What is Amazon Listing Optimization?

Amazon listing optimization is the process of creating or updating an Amazon listing. It involves adding customer-facing information on the listing such as title, bullets, specs, and description. In addition, it also involves adding back-end information that is not customer-facing such as the search terms.

Why is Amazon Listing Optimization Important?

On Amazon, the beginning of the buyer journey will start on the Amazon search bar. For the Amazon A9 algorithm to pick up on your product listing, you will need to have the right keywords so the A9 algorithm can match the search term with the listing.
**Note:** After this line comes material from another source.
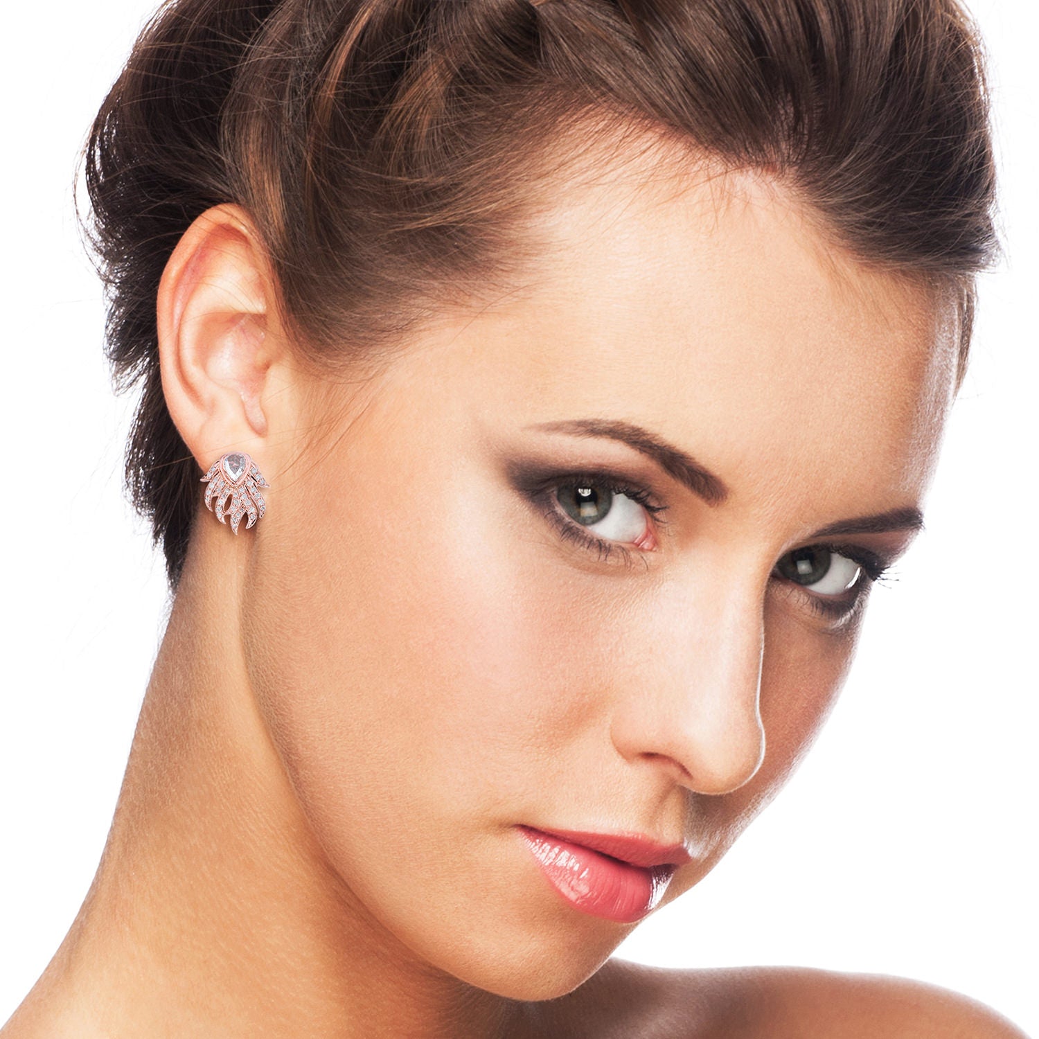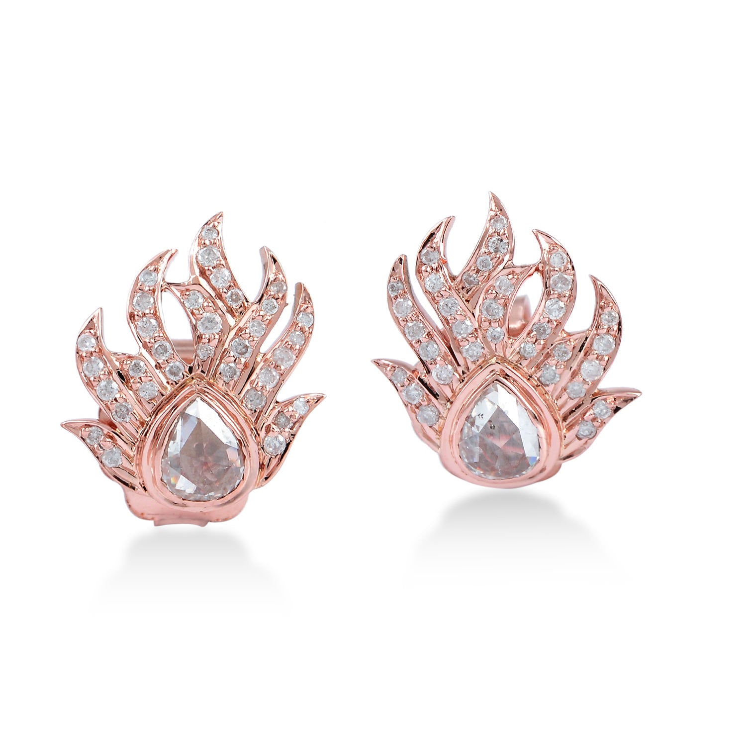 18K Rose Gold Bezel Ice Diamond Designer Stud Earrings For Her

Your listing keywords give the A9 algorithm signals that your listing is related to the current customer search term on the search bar.

Another component of Amazon listing optimization is also the human factor. You need your customer-facing information to be 1) informative and 2) to trigger an emotional response for the customer to purchase your product. So not only do you have to optimize for the A9 algorithm but also the customer. The perfect optimized Amazon listing will straddle a line between the machine and the human eye.

I need to point out just how fundamental Amazon listing optimization is. The positive effects of a well-optimized listing will filter downstream, vice versa of the negative effects of a poorly made Amazon listing. For example, a well-written Amazon listing will get more impressions 🡪 more clicks 🡪 higher conversion 🡪 lower CPC 🡪 higher ranking, and then more sales/profit.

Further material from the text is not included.